1 files changed, 198 insertions, 0 deletions
diff --git a/vendor/github.com/minio/md5-simd/README.md b/vendor/github.com/minio/md5-simd/README.md
new file mode 100644
index 0000000..fa6fce1
--- /dev/null
+++ b/vendor/github.com/minio/md5-simd/README.md
@@ -0,0 +1,198 @@
+# md5-simd
+This is a SIMD accelerated MD5 package, allowing up to either 8 (AVX2) or 16 (AVX512) independent MD5 sums to be calculated on a single CPU core.
+It was originally based on the [md5vec](https://github.com/igneous-systems/md5vec) repository by Igneous Systems, but has been made more flexible by amongst others supporting different message sizes per lane and adding AVX512.
+`md5-simd` integrates a similar mechanism as described in [minio/sha256-simd](https://github.com/minio/sha256-simd#support-for-avx512) for making it easy for clients to take advantages of the parallel nature of the MD5 calculation. This will result in reduced overall CPU load. 

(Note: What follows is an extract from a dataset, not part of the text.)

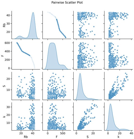 Figure 3 presents the scatterplots. The visualizations of the numerical data located on the main diagonal allow for an analysis of data bias. For the strength column, the data are skewed toward the range of 35 to 45 MPa, for the “Average Damage Area” column, the greatest number of data points are observed in the range of 2 to 7 mm2, and the most frequently occurring value for the number of detected damaged areas is distributed between 2 and 7. When analyzing the scatterplot, it is worth noting that no obvious clusters were detected. A linear relationship is observed between Rb and F. Another valuable insight is the upward trend from left to right for the S and k columns, indicating a positive correlation (which is true, as the average area increases with increasing damage count).
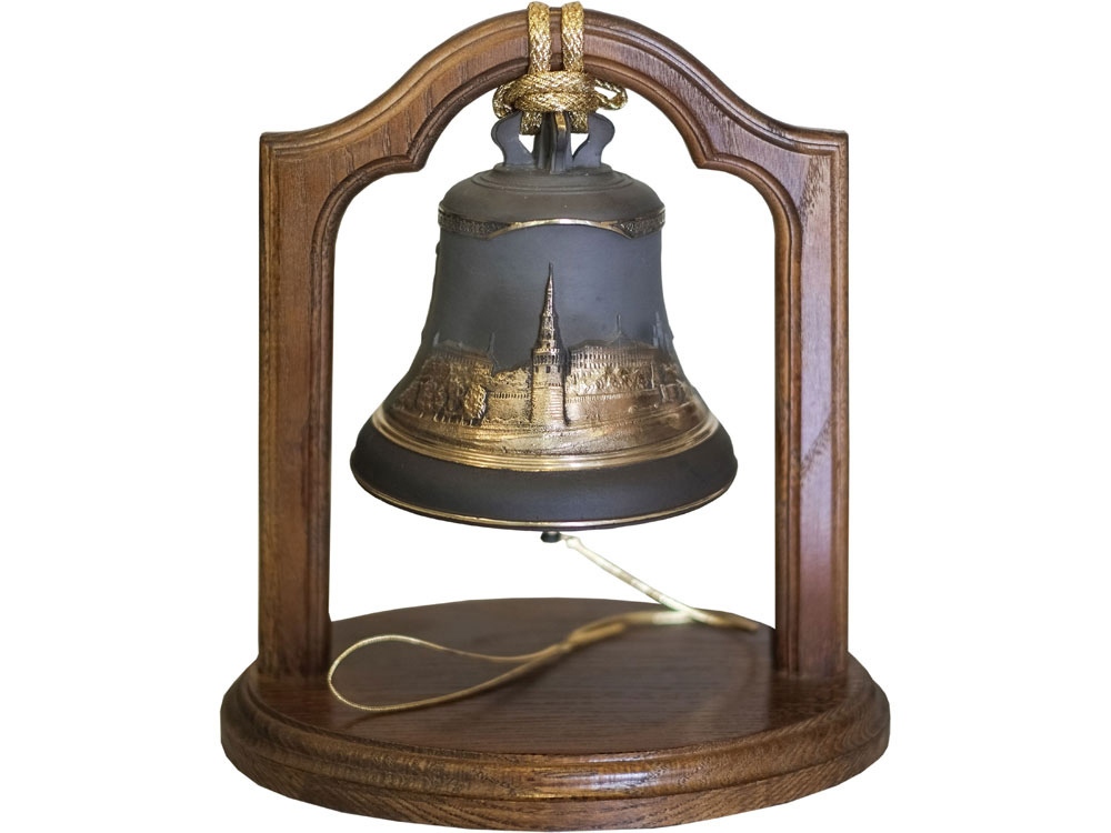 Колокол сувенирный весом 1кг Царский на дубовой подставке. Поверхность колокола матированная с вызолочением. Настольные колокола делают те же производства, что льют и большие колокола для российских церквей. Поэтому они и звучат тем неповторимым малиновым звоном, который всегда ценился в отечественных колоколах. Настольный колокол - это ни только прекрасная интерьерная композиция, но и просто живая” частичка России. Ударьте в него, закройте глаза и слушайте, слушайте...

+It is important to understand that `md5-simd` **does not speed up** a single threaded MD5 hash sum. 
+Rather it allows multiple __independent__  MD5 sums to be computed in parallel on the same CPU core, 
+thereby making more efficient usage of the computing resources.
+## Usage
+[![Documentation](https://godoc.org/github.com/minio/md5-simd?status.svg)](https://pkg.go.dev/github.com/minio/md5-simd?tab=doc)
+In order to use `md5-simd`, you must first create an `Server` which can be 
+used to instantiate one or more objects for MD5 hashing. 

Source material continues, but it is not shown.